IETF Last Call Gen-Art review of draft-ietf-isis-rfc4971bis-01

[Date Prev][Date Next][Thread Prev][Thread Next][Date Index][Thread Index]

 



I am the assigned Gen-ART reviewer for this draft. The General Area
Review Team (Gen-ART) reviews all IETF documents being processed
by the IESG for the IETF Chair.  Please treat these comments just
like any other last call comments.

For more information, please see the FAQ at
<http://wiki.tools.ietf.org/area/gen/trac/wiki/GenArtfaq>.

Document: draft-ietf-isis-rfc4971bis-01
Reviewer: Dale R. Worley
Review Date: 4 August 2016
IETF LC End Date: 15 August 2016
IESG Telechat date: 18 August 2016

Summary:

This draft is basically ready for publication, but has nits that
should be fixed before publication.

* Editorial items

How is "capability TLV" to be capitalized?  I count the following
occurrences of the different capitalizations:

    24 CAPABILITY(IES) TLV(s)
     5 Capability(ies) TLV(s)
     4 capability(ies) TLV(s)

The practice in other RFCs seems to be "Capability TLV".

This also affects two occurrences of "TLV named CAPABILITY".

Abstract

   This document defines a new optional Intermediate System to
   Intermediate System (IS-IS) TLV named CAPABILITY, formed of multiple
   sub-TLVs, which allows a router to announce its capabilities within
   an IS-IS level or the entire routing domain.

I think s/formed of/containing/ -- the TLV also contains the Router ID
and Flags fields.

2.  IS-IS Router CAPABILITY TLV

   The IS-IS Router CAPABILITY TLV is composed of 1 octet for the type,
   1 octet that specifies the number of bytes in the value field, and a
   variable length value field that starts with 4 octets of Router ID,
   indicating the source of the TLV, and followed by 1 octet of flags.

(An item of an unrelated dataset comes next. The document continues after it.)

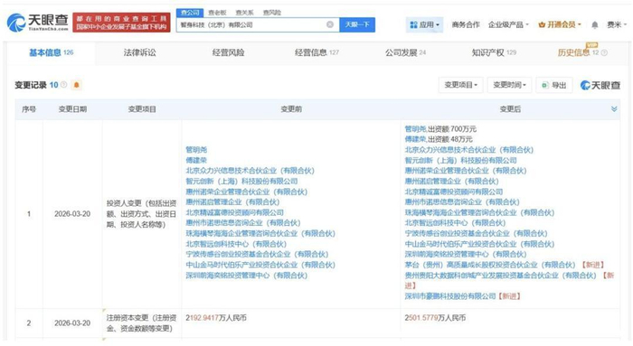 天眼查App显示,近日,智身科技(北京)有限公司发生工商变更,新增茅台(贵州)高质量成长股权投资合伙企业(有限合伙)、豪鹏科技(001283.SZ)等为股东,同时,注册资本由约2192.9万人民币增至约2501.6万人民币。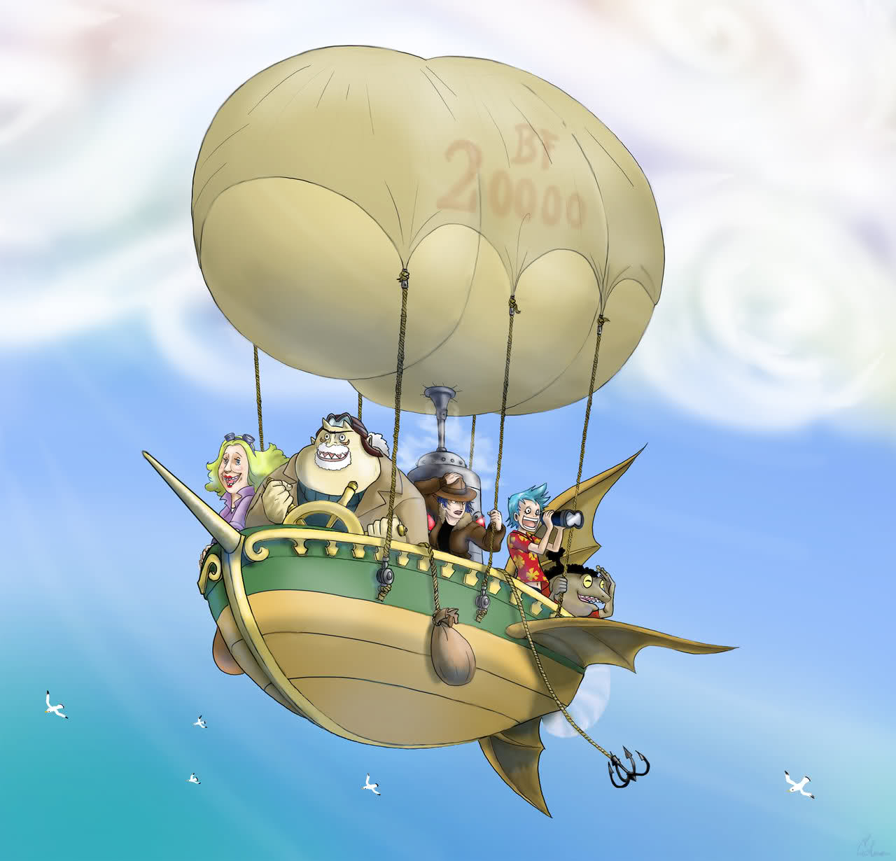 1girl 3boys aircraft airship beard black_hair blonde_hair blue_hair cutty_flam facial_hair flying franky_(one_piece) frog goggles highres iceburg jacket kokoro_(one_piece) mermaid monster_boy monster_girl multiple_boys one_piece ship tom_(one_piece) water_7 watercraft white_hair yokozuna_(one_piece)

Should some note be put here that if Capability is used as an extended
TLV, the type and length are increased to 2 bytes?  That is a general
fact about TLVs, of course, but strictly, the above sentence isn't
always correct.  (Or is the "extended" version available only for TLVs
at some higher level of the hierarchy?)

I think s/and followed by/followed by/.  The subject of "followed" is
"4 octets of Router ID", leaving "and" to join "indicating the source
of the TLV" with "followed by 1 octet of flags", which is not a
parallel construction.  Instead, omit "and" to make the construction
"... value field that starts with 4 octets ... followed by ..."

3.  Elements of Procedure

   Router ID sub-TLV [RFC5316] MUST be present in the TLV.  Router
   CAPABILITY TLVs which have a Router ID of 0.0.0.0 and do NOT have the
   IPv6 TE Router ID sub-TLV present MUST be ignored.

Given that "ignored" is used later to describe processing of unknown
sub-TLVs, which must not be interpreted but which may need to be
leaked, perhaps "ignored" here should be amplified.  Perhaps "ignored,
including not leaked".

      Example: If Level-1 router A generates a Capability TLV and floods
      it to two L1/L2 routers, S and T, they will flood it into the
      Level-2 domain.  Now suppose the Level-1 area partitions, such
      that A and S are in one partition and T is in another.  IP routing
      will still continue to work, but if A now issues a revised version
      of the CAP TLV, or decides to stop advertising it, S will follow
      suit, but T will continue to advertise the old version until the
      LSP times out.

I think you need to expand the last sentence to "... but without the
above prohibition, T would continue ...".  Or otherwise qualify the
entire example with "without the above prohibition".

   Routers in other areas have to choose whether to trust T's copy of
   A's capabilities or S's copy of A's information and, they have no
   reliable way to choose.  By making sure that T stops leaking A's
   information, this removes the possibility that other routers will use
   stale information from A.

This second paragraph is part of the example, and should be indented
the same way as the first paragraph.

Similarly, in the first sentence, s/have to/would have to/.

Remove the comma after "and".

The "this" in the last sentence doesn't have an antecedent.  Change to
"this prohibition".

   How partial support may impact the operation of the
   capabilities advertised within the Router CAPABILITY TLV is outside
   the scope of this document.

Is it worth specifying that the documents that define the sub-TLVs
are responsible for considering the impact of partial support?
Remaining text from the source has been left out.